Covid-19 was first detected in the UK in the middle of January 2020 (Aspinall, 2021). The viral infection affects a patient's respiratory system and was transmitted by the vector of airborne droplets through close contact with others (Modes of transmission of virus causing COVID-19, 2021). As a result, the virus quickly spread across the country with estimates placing the rate of infection at 100,000 people a day by the time the first lockdown was initiated on the 23rd of March 2020 (Jit, 2020).

The initial lockdown meant that people were urged to stay at home and schools were shut. Workers who could work from home were encouraged to do so, whilst others were put on ‘furlough’ (extended period of time of paid leave). This led to a massive drive in the public ‘bulk buying’ goods (buying large quantities of items which are not necessary at the time of purchase) at local supermarkets and online, leaving others empty handed (Evans & Elley, 2020). Between the months of March and July, British citizens were urged to avoid contact and going outside, unless absolutely necessary. As the weeks rolled on and with no end date in sight, the availability of certain goods greatly decreased. There was major concern that the supply chains would collapse. Shops could not restock their shelves quick enough from their suppliers, as demands for certain items increased, examples include soaps, bathroom tissue and pasta.

Heightened by the limitations of imported food that Britain relies on and with more people losing their jobs or being made furloughed, foodbank usage increased by 81%. Families with children were amongst the hardest hit with over a 122% increase in food parcels delivered according to The Trussell Trust (The Trussell Trust, 2020). The Independent Food Aid Network reported 17 times greater food bank reliance than this time last year (IFAN, 2020). With more people relying on charities and fewer people being able to donate, food banks were overstretched with the availability of what they had to offer. As restrictions were lifted, the economic situation of the country was only getting worse and this led to a greater percentage of people living below the poverty line and unable to afford essential goods.
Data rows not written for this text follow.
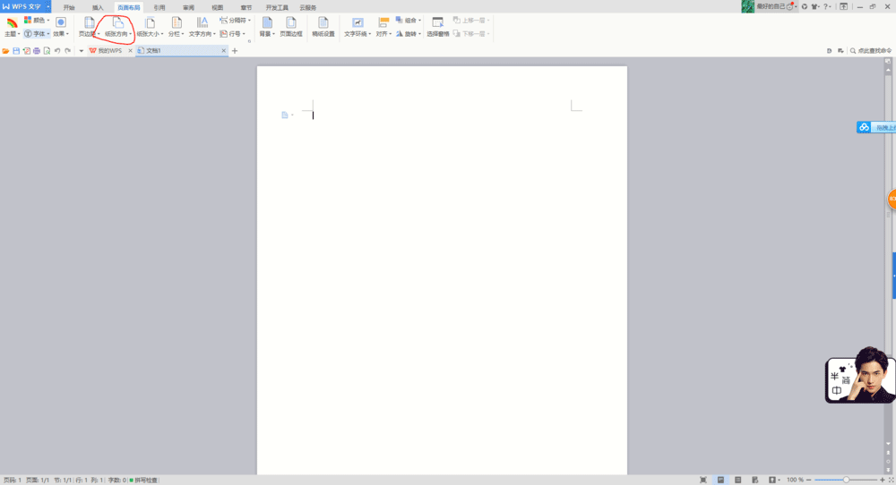 1、首先,我们打开WPS文字,新建一个文档。我们首先要把文字方向设成横向
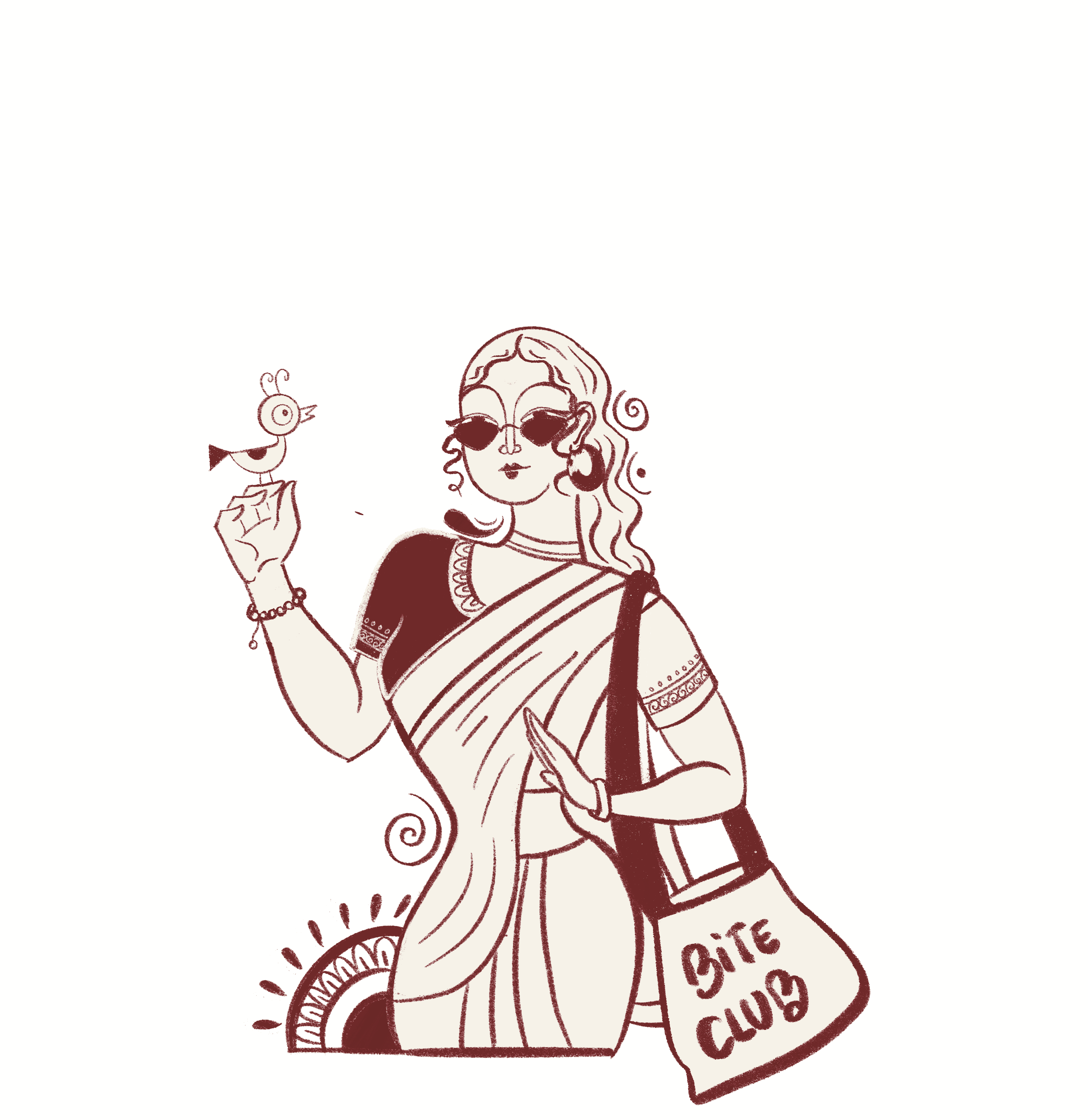 The illustration style reinterprets the visual language of Jamini Roy. Human faces follow a structured stylisation, while animals and birds are simplified with exaggerated proportions to introduce playfulness and memorability. Paired with calligraphic strokes this is a cultural but contemporary style.
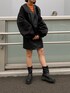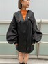 MURUAらしいフェミニンモードなスタイリング♡ 【ジャンスカ】柔らかいフェイクレザーのワンピは可愛らしさもありつつ、モードでかっこいい雰囲気も出せて着るだけでおしゃれ見えします!!155cmですと、ちょうど足を綺麗に見せてくれる丈感でスタイルアップ効果あり!程よい身幅で体のラインが出ないシルエットなのも嬉しい♡ フロントボタンを開けて、トレンドのベストとして着て頂くのもおすすめ!! 【ニット】ベーシックなシアーニットは1枚でもレイヤードでも使えて便利!カラーもかわいい!! 【アウター】クロップド丈のMA-1はモードコーデには欠かせないアイテム♡ ボリュームスリーブとのバランスもMURUAらしい!!ロンTやシャツとのレイヤードスタイルもおすすめです。
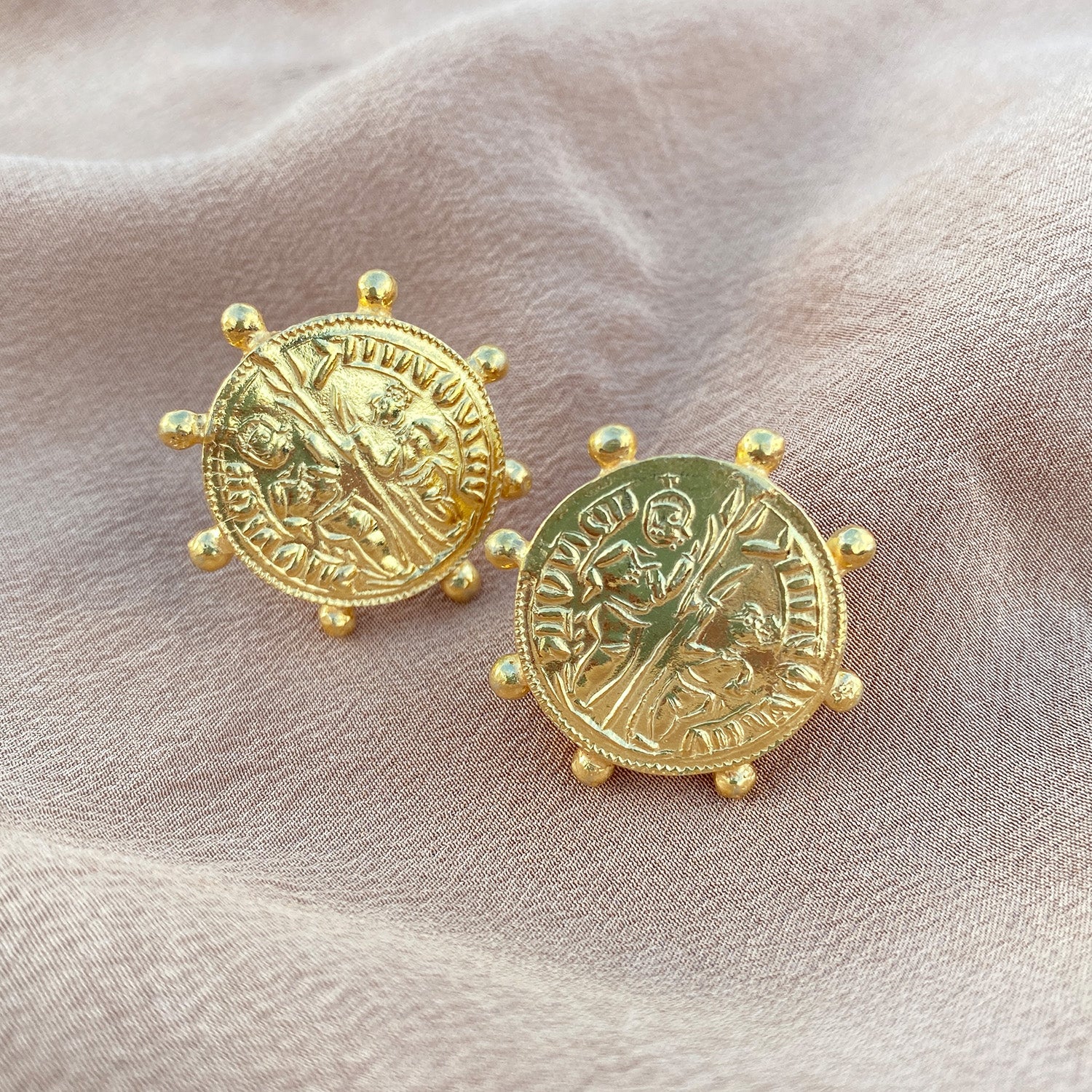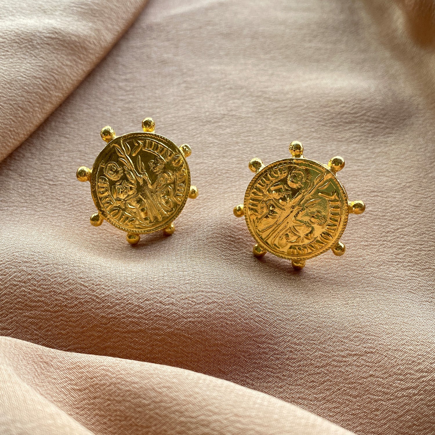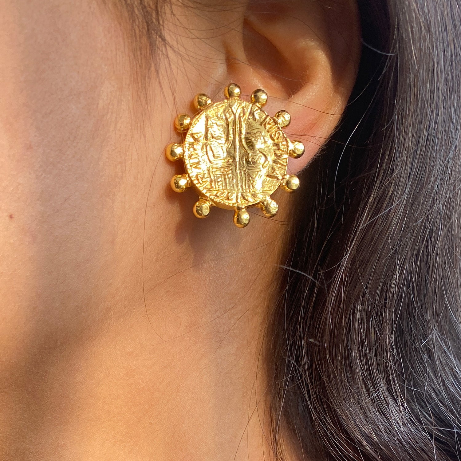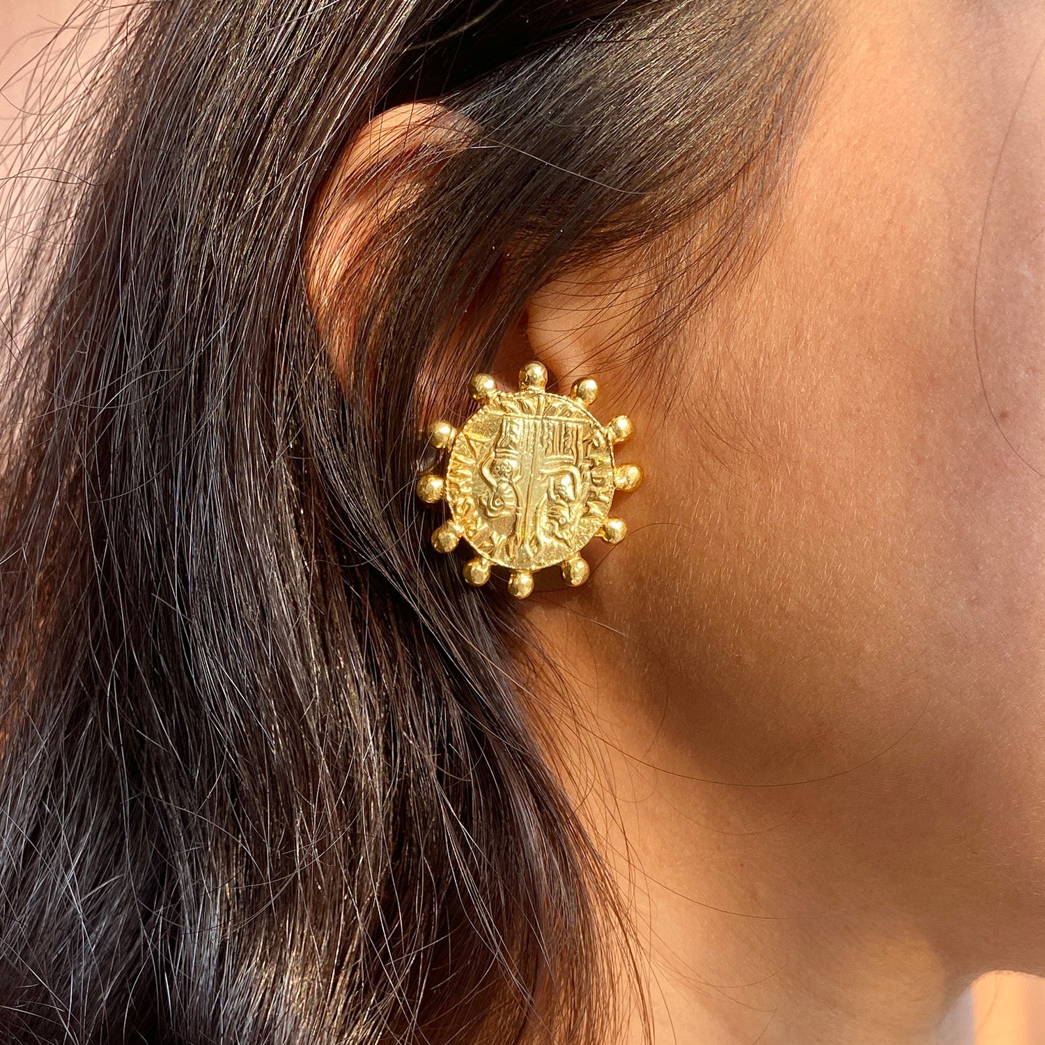 Measuring 2.3 cm in diameter, these earrings are perfect for everyday grace or spiritual occasions. The design is inspired by a century-old motif, preserved and brought to life by skilled artisans in Jaipur, the heart of traditional Indian jewelry-making.

Food poverty was already declared a UK health emergency in a 2019 report by Human Rights Watch despite a significant portion of the population having surplus goods.

There was an amalgamation of issues regarding food, in which such was often held in the wrong place, or hoarded beyond use, whilst others went hungry and suffered from food poverty. In many cases the problem wasn’t the lack of food, it was lack of ability to get that food to where it needed to go. Examples include restaurants who, before the “Eat Out to Help Out” scheme (discussed later in this chapter), were paying to store their food, as well as hotels and offices with abundances of cleaning supplies after seeing fewer customers (Sheehan, 2020). Restaurants who were able to pivot to delivery services also had to deal with exuberant and almost predatory charges with companies such as JustEat1 and UberEats2 squeezing commissions from every sale.

It was clear that a solution was needed, it would have to be safe, efficient and accessible for people to use.